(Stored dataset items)
• • • •
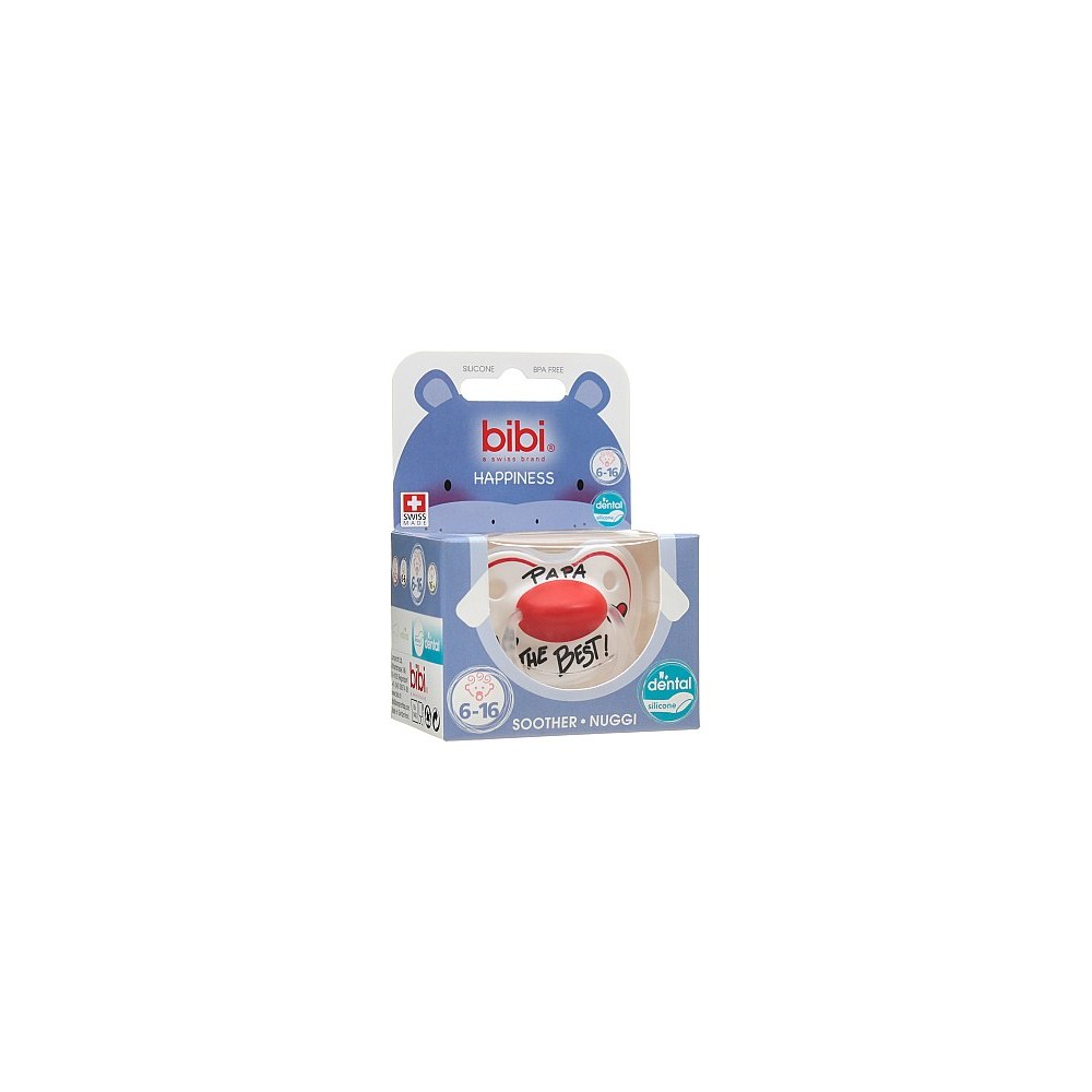 Пустышка Bibi Happiness Dental — это швейцарское качество и безопасность Вашего ребенка. Пустышка подходит как для мальчика, так и для девочки, ведь какой у них замечательный дизайн! Надпись на пустышке "Мой папа лучший" несомненно вызвет улыбку у взрослых, а яркий рисунок сделает пустышку любимой вещью Вашего малыша.
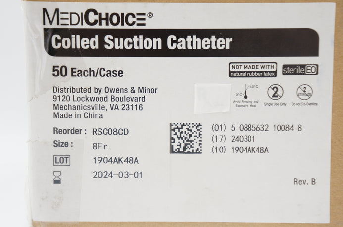- MediChoice RSC08CD Coiled Suction Cath. 8Fr. - Case of 50
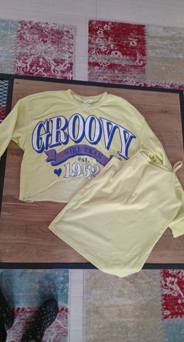 Pastel sarı, uzun kollu, loose fit kız tişörtü. Üzerinde 'GROOVY 1962' baskısı ve dantel detayları bulunur. Pamuklu, yumuşak kumaştan üretilmiştir.
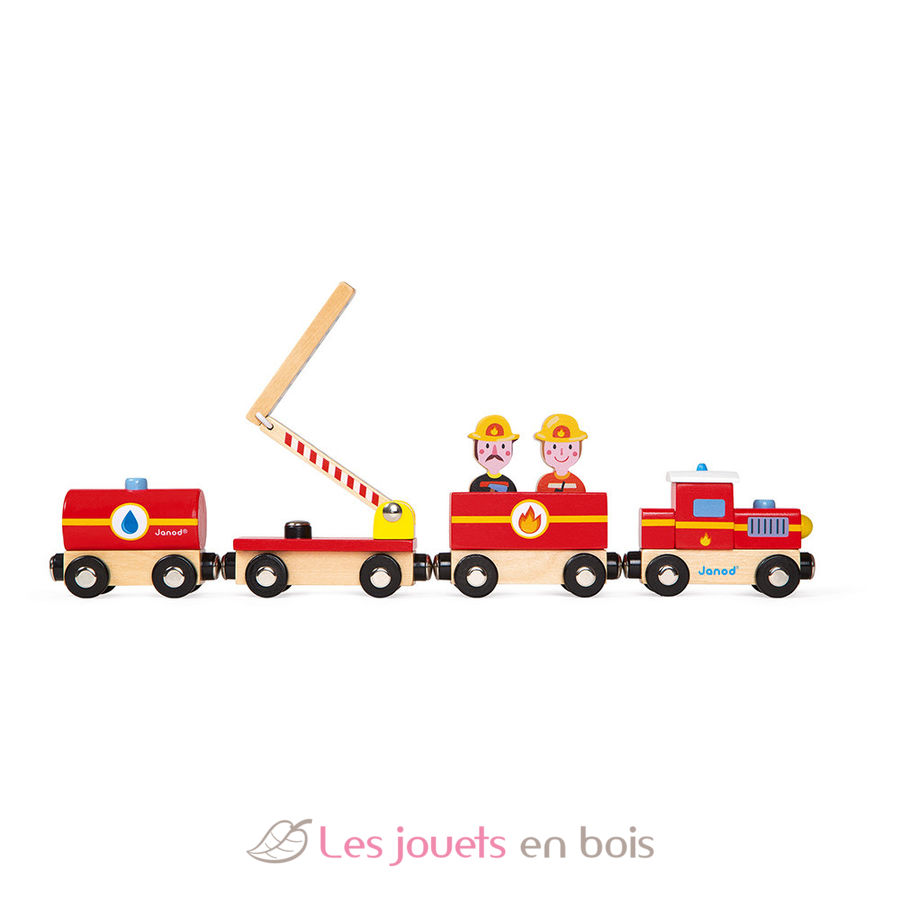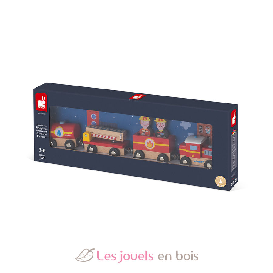 Story Zug Feuerwehr mit Figuren, ein Holzzug der Marke Janod. Referenz J08590.
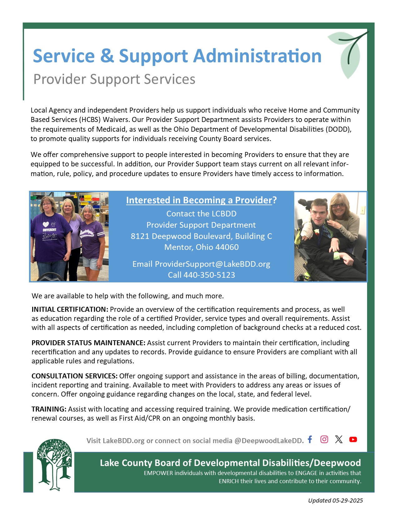 Providers help our County Board support individuals who receive Home and Community Based Services (HCBS) Waivers in Lake County as well as individuals who receive Intermediate Care Facility (ICF) services. Our Provider Support Department assists Agency, Independent, and ICF Providers to operate within the requirements of Medicaid and the Ohio Department of Developmental Disabilities (DODD) to promote quality supports for individuals receiving services.
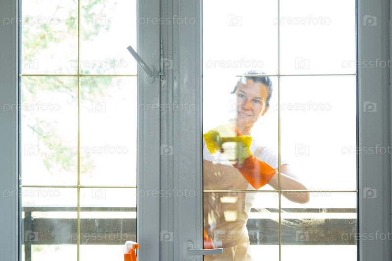 Женщина в резиновых перчатках и фартуке вручную моет оконный балкон дома тряпкой и шваброй снаружи за стеклом. Восстановление порядка и чистоты весной, уборка сервиза
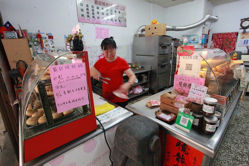 這間「嚴記燒餅舖」創立於日據時代超過60年歷史,創辦人嚴師傅選在左營第二公有市場創店,因故才把燒餅店轉讓給別人來經營,目前這間店面傳承親戚繼續經營,第三代經者是一對中年的夫妻,老闆說創辦人嚴師傅已經離世了,這間「嚴記燒餅舖」就在熱鬧果貿社區裡面,小高就利用平日早上時段前來購買,走到店門口就聞到濃濃燒餅的香氣,走入店內發現燒餅種類很多定價合理,品嚐覺得很美味值得推薦給您
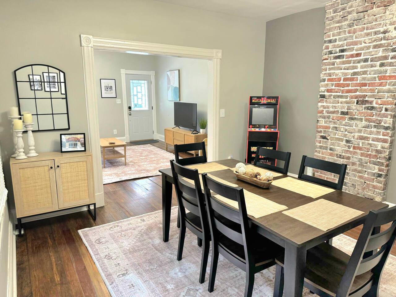 This 3BR, 2BA home with 5 beds sleeps up to 9 guests! Steps from Downtown Indianapolis, the Convention Center, and Lucas Oil Stadium. You'll love having easy access to top attractions like Gainbridge Fieldhouse, the Indianapolis Zoo, and the best local restaurants and nightlife. Featuring a spacious living area, smart TVs, arcade machine, Wi-Fi, washer/dryer, fenced yard & covered porch. Perfect for small or large groups! Book your stay today and experience the best of Indianapolis!
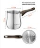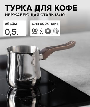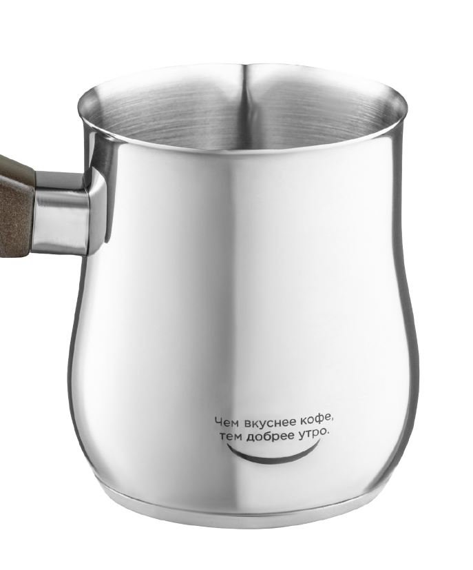 Турка выполнена из высококачественной нержавеющей стали и имеет элегантный дизайн, который впишется в любой интерьер кухни. Благодаря удобной ручке и оптимальной форме, приготовление кофе становится лёгким и приятным процессом.
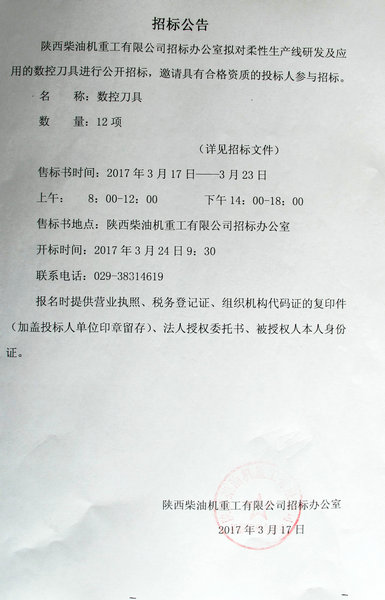 柔性生產(chǎn)線研發(fā)及應(yīng)用的數(shù)控刀具招標(biāo)公告
• • • •
Print every line above exactly as given, but not the pictures.

 Пустышка Bibi Happiness Dental — это швейцарское качество и безопасность Вашего ребенка. Пустышка подходит как для мальчика, так и для девочки, ведь какой у них замечательный дизайн! Надпись на пустышке "Мой папа лучший" несомненно вызвет улыбку у взрослых, а яркий рисунок сделает пустышку любимой вещью Вашего малыша.
- MediChoice RSC08CD Coiled Suction Cath. 8Fr. - Case of 50
 Pastel sarı, uzun kollu, loose fit kız tişörtü. Üzerinde 'GROOVY 1962' baskısı ve dantel detayları bulunur. Pamuklu, yumuşak kumaştan üretilmiştir.
 Story Zug Feuerwehr mit Figuren, ein Holzzug der Marke Janod. Referenz J08590.
 Providers help our County Board support individuals who receive Home and Community Based Services (HCBS) Waivers in Lake County as well as individuals who receive Intermediate Care Facility (ICF) services. Our Provider Support Department assists Agency, Independent, and ICF Providers to operate within the requirements of Medicaid and the Ohio Department of Developmental Disabilities (DODD) to promote quality supports for individuals receiving services.
 Женщина в резиновых перчатках и фартуке вручную моет оконный балкон дома тряпкой и шваброй снаружи за стеклом. Восстановление порядка и чистоты весной, уборка сервиза
 這間「嚴記燒餅舖」創立於日據時代超過60年歷史,創辦人嚴師傅選在左營第二公有市場創店,因故才把燒餅店轉讓給別人來經營,目前這間店面傳承親戚繼續經營,第三代經者是一對中年的夫妻,老闆說創辦人嚴師傅已經離世了,這間「嚴記燒餅舖」就在熱鬧果貿社區裡面,小高就利用平日早上時段前來購買,走到店門口就聞到濃濃燒餅的香氣,走入店內發現燒餅種類很多定價合理,品嚐覺得很美味值得推薦給您
 This 3BR, 2BA home with 5 beds sleeps up to 9 guests! Steps from Downtown Indianapolis, the Convention Center, and Lucas Oil Stadium. You'll love having easy access to top attractions like Gainbridge Fieldhouse, the Indianapolis Zoo, and the best local restaurants and nightlife. Featuring a spacious living area, smart TVs, arcade machine, Wi-Fi, washer/dryer, fenced yard & covered porch. Perfect for small or large groups! Book your stay today and experience the best of Indianapolis!
 Турка выполнена из высококачественной нержавеющей стали и имеет элегантный дизайн, который впишется в любой интерьер кухни. Благодаря удобной ручке и оптимальной форме, приготовление кофе становится лёгким и приятным процессом.
 柔性生產(chǎn)線研發(fā)及應(yīng)用的數(shù)控刀具招標(biāo)公告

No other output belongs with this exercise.